- DATA TO PROCESS -

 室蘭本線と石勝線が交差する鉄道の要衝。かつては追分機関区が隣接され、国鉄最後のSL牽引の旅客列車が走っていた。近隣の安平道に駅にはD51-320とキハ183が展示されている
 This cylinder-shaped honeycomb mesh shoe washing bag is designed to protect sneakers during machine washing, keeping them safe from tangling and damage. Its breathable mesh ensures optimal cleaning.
==
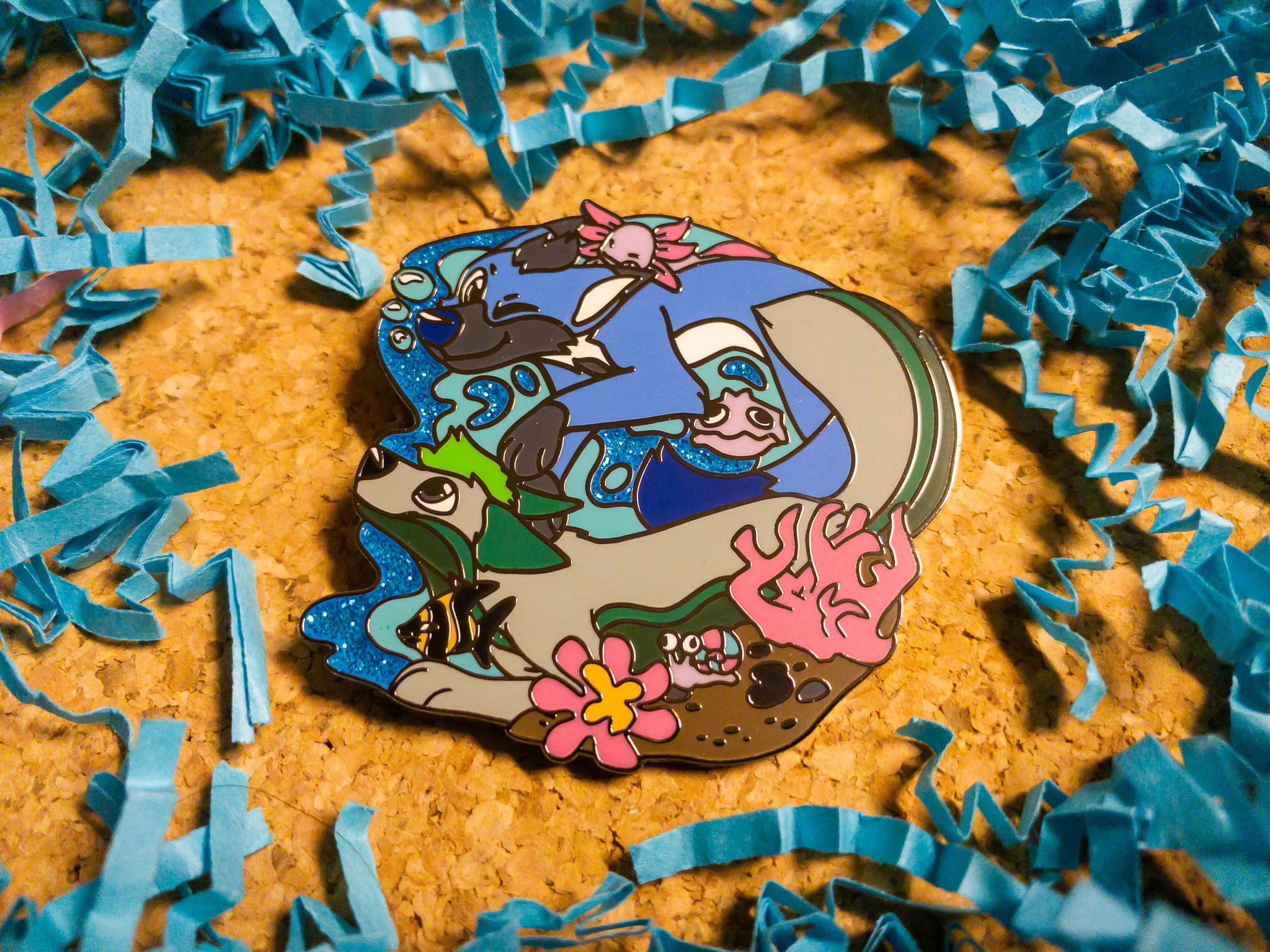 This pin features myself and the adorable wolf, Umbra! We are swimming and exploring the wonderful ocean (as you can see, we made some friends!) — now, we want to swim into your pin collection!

- ACTION ITEM -
Retype, exactly and in full, the lines above from the one containing "室蘭本線と石勝線が交差する鉄" through the one containing "This cylinder-shaped honeycomb".

- SOLUTION TO THIS EXERCISE -
 室蘭本線と石勝線が交差する鉄道の要衝。かつては追分機関区が隣接され、国鉄最後のSL牽引の旅客列車が走っていた。近隣の安平道に駅にはD51-320とキハ183が展示されている
 This cylinder-shaped honeycomb mesh shoe washing bag is designed to protect sneakers during machine washing, keeping them safe from tangling and damage. Its breathable mesh ensures optimal cleaning.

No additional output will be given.